Ross Doneghan
- Born: Ross Doneghan 8 October 1988 (age 37) Edinburgh, Scotland
- Height: 6 ft 3 in (1.91 m)
- Weight: 98 kg (15 st 6 lb)
- School: Stewart's Melville College
- University: Stirling University
- Notable relative(s): Mike Doneghan, brother

Rugby union career
- Position: Flanker / Hooker

Amateur team(s)
- Years: Team / Apps / (Points)
- -: Stewart's Melville
- 2010-12: Ayr
- 2013-14: Darlington Mowden Park

Senior career
- Years: Team / Apps / (Points)
- 2009-10: Border Bulldogs / - / (-)
- 2010-11: Rotherham Titans / - / (-)
- 2011-12: Glasgow Warriors / 0 / (0)
- 2014-15: London Scottish / - / (-)

Coaching career
- Years: Team
- 2014–17: London Scottish (Asst. coach)
- 2015-16: Serge Betsen Rugby
- 2015-17: Harlequins (Community coach)
- 2018-19: Ealing Trailfinders (Head of Community)-
- 2019-21: Haringey Rhino Ladies RFC "(Head Ladies Coach)"
- 2019-: Latymer Upper School (Head of Rugby)
- 2021-: Richmond F.C. (Women's Forward Coach)

= Ross Doneghan =

Scottish rugby union player & coach

Ross Doneghan (born 8 October 1988) is a Scottish rugby union coach now with Harlequins and Ealing Trailfinders. He previously played for Glasgow Warriors, London Scottish, Ayr, Stewart's Melville and Border Bulldogs.

==Rugby Union career==

===Amateur career===

Doneghan started playing mini rugby in Linlithgow with the wee reds. He continued his rugby at Stewart's Melville College.

He was part of the Stewart's Melville team that won the Bell Lawrie Scottish Schools Cup of 2006.

From Stewart's Melville he moved to the Rugby Legends Academy in South Africa, run by former Scotland and South Africa international player John Allan.
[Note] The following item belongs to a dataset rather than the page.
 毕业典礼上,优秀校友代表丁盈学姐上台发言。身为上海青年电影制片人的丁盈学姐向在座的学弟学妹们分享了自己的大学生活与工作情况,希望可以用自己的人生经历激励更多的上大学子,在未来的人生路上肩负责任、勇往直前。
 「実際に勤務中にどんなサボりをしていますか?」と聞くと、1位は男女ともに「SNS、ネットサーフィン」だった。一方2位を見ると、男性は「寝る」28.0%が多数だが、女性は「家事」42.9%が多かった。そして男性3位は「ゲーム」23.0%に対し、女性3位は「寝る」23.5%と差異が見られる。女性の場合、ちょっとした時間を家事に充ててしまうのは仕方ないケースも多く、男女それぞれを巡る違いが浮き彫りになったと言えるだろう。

While with Glasgow Warriors, he played with Ayr from 2011. During this time at Ayr he converted from a Flanker to a Hooker.

He played for Darlington Mowden Park from 2013–14, who at the time played in National League 2 North. That season the Darlington side won promotion to National League 1 for the 2014-15 season. Doneghan played at Hooker for the Darlington side.

===Professional career===

In South Africa, Doneghan played for the Border Bulldogs in season 2009-10. He switched between Lock and Flanker for the South African side.
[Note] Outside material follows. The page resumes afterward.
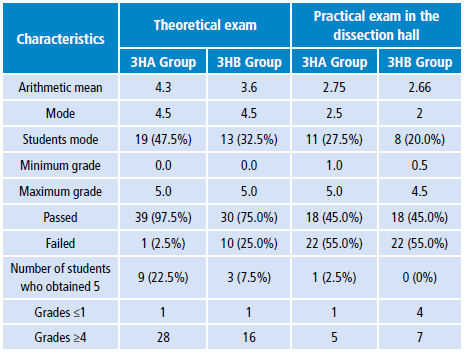 The results obtained were compared after being typed in a table. The amount of grades <3.0, the amount of grades between 3.0 and 3.9 and the amount of grades ≥4.0, both in the theoretical test and the practical test in the dissection hall, were retrieved (Table 1).

He moved to England to play with the Rotherham Titans in the RFU Championship in the 2010-11 season.

He became part of Glasgow Warriors set-up as a back-up player in the 2011-12 season. He played one match for the Warriors in that season; turning out for the Glasgow club in a pre-season friendly against Newcastle Falcons. The Warriors won the match 17 - 7.

After a successful season with Darlington, Doneghan was signed by London Scottish for 2014-15. His brother Mike Doneghan was playing with Scottish at the time.

===Coaching career===

During his time with London Scottish Doneghan migrated to a coaching role. He remained a coach there until 2017.

Doneghan also began coaching with Serge Betsen Rugby for the 2015-16 season.

He became a Community rugby coach for Harlequins in 2015, and was their Schools co-ordinator from 2017 to 2018.

From 2018 to 2019, he was Head of Community coaching for Ealing Trailfinders.

Since 2019, he has been Head of Rugby at Latymer Upper School.

He was also the Head coach at Haringey Rhino Ladies, where they finished the 2019/2020 season undefeated and top of the league, moving up for the coming season. Ross coined the phrase on the team #teamtobeat.

He joined Richmond FC in 2021 as the women’s forwards coach.